To do: Write out again each line of the material below, unchanged, from the first one to the line that holds "具体ETF方面,规模较大的1".

Exercise inputs:
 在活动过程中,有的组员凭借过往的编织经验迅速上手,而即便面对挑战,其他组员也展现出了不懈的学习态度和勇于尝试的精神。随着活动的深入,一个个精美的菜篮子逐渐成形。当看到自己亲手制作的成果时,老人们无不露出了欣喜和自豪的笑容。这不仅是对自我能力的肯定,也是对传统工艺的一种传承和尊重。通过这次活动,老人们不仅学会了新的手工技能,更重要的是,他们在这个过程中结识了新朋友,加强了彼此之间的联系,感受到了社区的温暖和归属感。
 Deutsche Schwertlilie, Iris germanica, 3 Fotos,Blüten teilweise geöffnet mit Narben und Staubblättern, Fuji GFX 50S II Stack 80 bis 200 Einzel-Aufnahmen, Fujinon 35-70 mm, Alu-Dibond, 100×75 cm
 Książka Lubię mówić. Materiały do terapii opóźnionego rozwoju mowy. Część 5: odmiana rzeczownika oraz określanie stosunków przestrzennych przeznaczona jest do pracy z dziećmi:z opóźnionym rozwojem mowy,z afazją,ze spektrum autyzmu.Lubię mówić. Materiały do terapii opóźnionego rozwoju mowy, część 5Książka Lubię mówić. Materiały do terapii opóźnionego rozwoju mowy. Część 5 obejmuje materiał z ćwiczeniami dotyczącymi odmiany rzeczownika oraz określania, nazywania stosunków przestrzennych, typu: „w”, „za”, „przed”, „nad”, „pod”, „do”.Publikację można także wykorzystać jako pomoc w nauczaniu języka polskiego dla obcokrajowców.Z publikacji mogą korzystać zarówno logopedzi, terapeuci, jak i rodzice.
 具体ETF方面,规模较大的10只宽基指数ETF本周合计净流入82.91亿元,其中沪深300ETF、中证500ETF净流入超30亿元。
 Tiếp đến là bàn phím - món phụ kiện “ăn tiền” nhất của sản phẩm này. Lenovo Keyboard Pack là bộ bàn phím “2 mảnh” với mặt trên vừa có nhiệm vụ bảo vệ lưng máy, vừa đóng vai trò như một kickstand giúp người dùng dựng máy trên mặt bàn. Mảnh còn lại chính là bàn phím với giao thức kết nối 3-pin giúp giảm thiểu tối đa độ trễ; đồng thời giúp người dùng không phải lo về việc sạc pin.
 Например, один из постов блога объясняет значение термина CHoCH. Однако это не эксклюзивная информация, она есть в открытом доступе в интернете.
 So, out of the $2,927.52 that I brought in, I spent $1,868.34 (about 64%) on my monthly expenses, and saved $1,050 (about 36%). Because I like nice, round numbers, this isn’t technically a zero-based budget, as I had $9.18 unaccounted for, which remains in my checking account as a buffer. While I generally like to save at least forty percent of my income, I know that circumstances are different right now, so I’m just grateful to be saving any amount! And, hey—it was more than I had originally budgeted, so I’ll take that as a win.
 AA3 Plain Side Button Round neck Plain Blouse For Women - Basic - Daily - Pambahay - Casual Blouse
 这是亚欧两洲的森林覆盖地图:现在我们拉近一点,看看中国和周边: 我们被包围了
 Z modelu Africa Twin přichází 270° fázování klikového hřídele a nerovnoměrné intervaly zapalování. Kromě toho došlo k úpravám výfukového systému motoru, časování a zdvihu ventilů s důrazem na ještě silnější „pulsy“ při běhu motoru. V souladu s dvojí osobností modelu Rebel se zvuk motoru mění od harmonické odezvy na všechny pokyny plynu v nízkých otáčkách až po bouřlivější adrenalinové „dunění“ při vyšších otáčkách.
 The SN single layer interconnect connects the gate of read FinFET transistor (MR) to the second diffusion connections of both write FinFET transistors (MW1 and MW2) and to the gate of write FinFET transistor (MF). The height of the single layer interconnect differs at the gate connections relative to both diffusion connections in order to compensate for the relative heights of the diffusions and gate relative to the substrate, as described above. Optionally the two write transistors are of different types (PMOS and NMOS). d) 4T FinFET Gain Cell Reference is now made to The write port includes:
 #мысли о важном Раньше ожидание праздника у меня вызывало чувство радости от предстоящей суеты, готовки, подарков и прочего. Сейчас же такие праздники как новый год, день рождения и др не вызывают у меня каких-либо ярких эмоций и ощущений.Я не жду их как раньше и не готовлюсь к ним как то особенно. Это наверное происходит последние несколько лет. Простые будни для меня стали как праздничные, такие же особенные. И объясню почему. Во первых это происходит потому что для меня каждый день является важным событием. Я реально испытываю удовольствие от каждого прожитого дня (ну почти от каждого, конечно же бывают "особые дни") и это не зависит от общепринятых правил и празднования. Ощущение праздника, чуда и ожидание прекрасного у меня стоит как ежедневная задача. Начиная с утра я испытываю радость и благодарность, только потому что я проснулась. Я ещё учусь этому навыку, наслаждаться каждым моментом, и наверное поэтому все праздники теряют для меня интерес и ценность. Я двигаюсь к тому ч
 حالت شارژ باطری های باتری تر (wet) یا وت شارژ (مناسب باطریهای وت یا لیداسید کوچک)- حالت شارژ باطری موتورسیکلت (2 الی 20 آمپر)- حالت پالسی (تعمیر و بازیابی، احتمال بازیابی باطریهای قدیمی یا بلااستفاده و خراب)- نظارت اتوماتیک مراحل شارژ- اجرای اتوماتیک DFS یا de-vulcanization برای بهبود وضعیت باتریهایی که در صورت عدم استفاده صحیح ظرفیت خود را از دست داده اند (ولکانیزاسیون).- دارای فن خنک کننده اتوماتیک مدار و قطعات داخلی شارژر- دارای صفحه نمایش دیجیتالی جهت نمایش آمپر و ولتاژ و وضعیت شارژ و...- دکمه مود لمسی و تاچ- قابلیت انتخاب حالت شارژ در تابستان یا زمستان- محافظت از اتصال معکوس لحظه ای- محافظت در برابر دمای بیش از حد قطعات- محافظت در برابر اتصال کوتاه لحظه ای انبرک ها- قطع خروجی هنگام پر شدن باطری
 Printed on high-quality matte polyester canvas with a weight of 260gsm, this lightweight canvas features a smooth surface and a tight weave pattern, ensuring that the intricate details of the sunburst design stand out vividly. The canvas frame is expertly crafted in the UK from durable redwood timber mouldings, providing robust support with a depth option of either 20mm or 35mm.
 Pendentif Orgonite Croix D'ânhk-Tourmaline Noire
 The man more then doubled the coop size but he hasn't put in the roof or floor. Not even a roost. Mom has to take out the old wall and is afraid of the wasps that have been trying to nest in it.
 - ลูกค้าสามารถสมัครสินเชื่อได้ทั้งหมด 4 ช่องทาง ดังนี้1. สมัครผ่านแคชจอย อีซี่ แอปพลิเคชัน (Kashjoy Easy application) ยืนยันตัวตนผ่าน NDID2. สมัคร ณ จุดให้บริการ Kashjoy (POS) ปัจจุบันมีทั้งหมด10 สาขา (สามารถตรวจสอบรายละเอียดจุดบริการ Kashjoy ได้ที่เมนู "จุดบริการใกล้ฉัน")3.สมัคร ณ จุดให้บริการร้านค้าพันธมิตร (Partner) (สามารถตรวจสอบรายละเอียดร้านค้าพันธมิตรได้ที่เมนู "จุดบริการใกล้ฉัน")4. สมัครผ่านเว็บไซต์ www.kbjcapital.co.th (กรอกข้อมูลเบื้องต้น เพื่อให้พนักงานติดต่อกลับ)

Output for this task:
 在活动过程中,有的组员凭借过往的编织经验迅速上手,而即便面对挑战,其他组员也展现出了不懈的学习态度和勇于尝试的精神。随着活动的深入,一个个精美的菜篮子逐渐成形。当看到自己亲手制作的成果时,老人们无不露出了欣喜和自豪的笑容。这不仅是对自我能力的肯定,也是对传统工艺的一种传承和尊重。通过这次活动,老人们不仅学会了新的手工技能,更重要的是,他们在这个过程中结识了新朋友,加强了彼此之间的联系,感受到了社区的温暖和归属感。
 Deutsche Schwertlilie, Iris germanica, 3 Fotos,Blüten teilweise geöffnet mit Narben und Staubblättern, Fuji GFX 50S II Stack 80 bis 200 Einzel-Aufnahmen, Fujinon 35-70 mm, Alu-Dibond, 100×75 cm
 Książka Lubię mówić. Materiały do terapii opóźnionego rozwoju mowy. Część 5: odmiana rzeczownika oraz określanie stosunków przestrzennych przeznaczona jest do pracy z dziećmi:z opóźnionym rozwojem mowy,z afazją,ze spektrum autyzmu.Lubię mówić. Materiały do terapii opóźnionego rozwoju mowy, część 5Książka Lubię mówić. Materiały do terapii opóźnionego rozwoju mowy. Część 5 obejmuje materiał z ćwiczeniami dotyczącymi odmiany rzeczownika oraz określania, nazywania stosunków przestrzennych, typu: „w”, „za”, „przed”, „nad”, „pod”, „do”.Publikację można także wykorzystać jako pomoc w nauczaniu języka polskiego dla obcokrajowców.Z publikacji mogą korzystać zarówno logopedzi, terapeuci, jak i rodzice.
 具体ETF方面,规模较大的10只宽基指数ETF本周合计净流入82.91亿元,其中沪深300ETF、中证500ETF净流入超30亿元。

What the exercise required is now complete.